WHAT THIS TASK INVOLVES = Range to copy from the entries below: the line containing "3.在需要展現(xiàn)頁" through the line containing "Trapézový polykarbonát LightPiù", inclusive. Retype only those lines, exactly, without any images.

DATA FOR REVIEW =
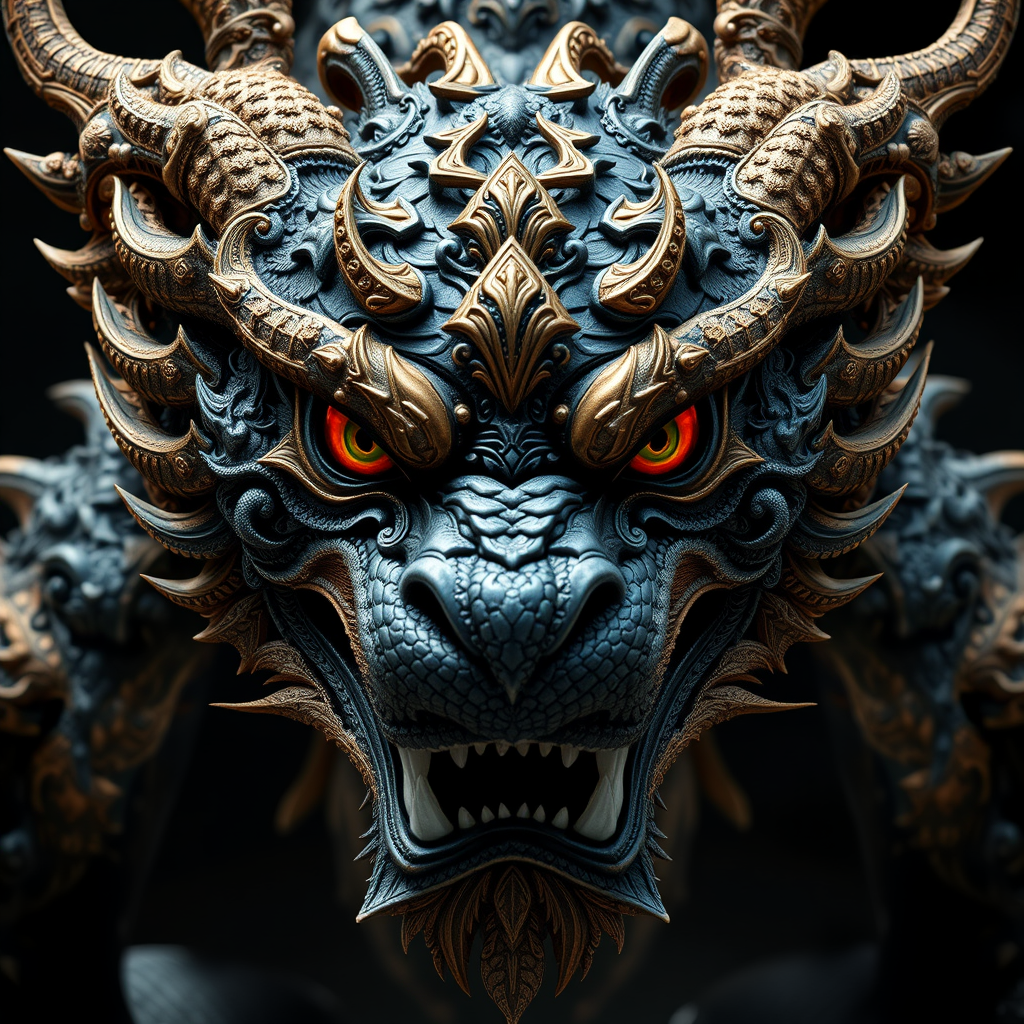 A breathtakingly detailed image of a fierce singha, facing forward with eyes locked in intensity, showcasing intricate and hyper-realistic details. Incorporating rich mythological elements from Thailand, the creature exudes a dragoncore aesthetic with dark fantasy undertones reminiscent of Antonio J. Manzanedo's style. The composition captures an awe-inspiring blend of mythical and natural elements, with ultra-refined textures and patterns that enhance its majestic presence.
--
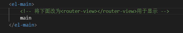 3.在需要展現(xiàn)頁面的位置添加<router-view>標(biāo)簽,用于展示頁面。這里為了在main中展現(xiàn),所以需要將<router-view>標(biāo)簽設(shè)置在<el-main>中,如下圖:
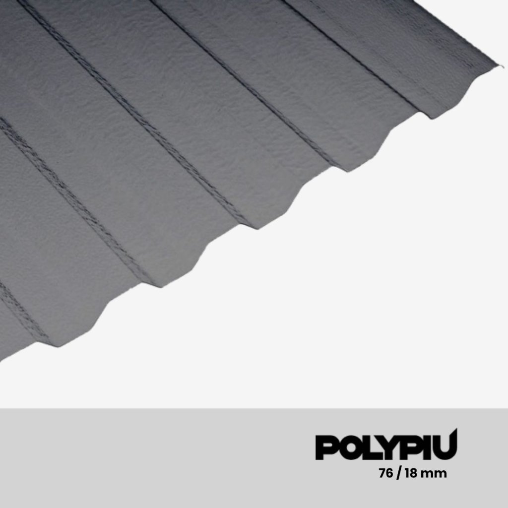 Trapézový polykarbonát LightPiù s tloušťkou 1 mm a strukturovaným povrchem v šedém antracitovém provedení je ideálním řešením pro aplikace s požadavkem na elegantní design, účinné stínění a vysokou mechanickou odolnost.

ANSWER AREA =
 3.在需要展現(xiàn)頁面的位置添加<router-view>標(biāo)簽,用于展示頁面。這里為了在main中展現(xiàn),所以需要將<router-view>標(biāo)簽設(shè)置在<el-main>中,如下圖:
 Trapézový polykarbonát LightPiù s tloušťkou 1 mm a strukturovaným povrchem v šedém antracitovém provedení je ideálním řešením pro aplikace s požadavkem na elegantní design, účinné stínění a vysokou mechanickou odolnost.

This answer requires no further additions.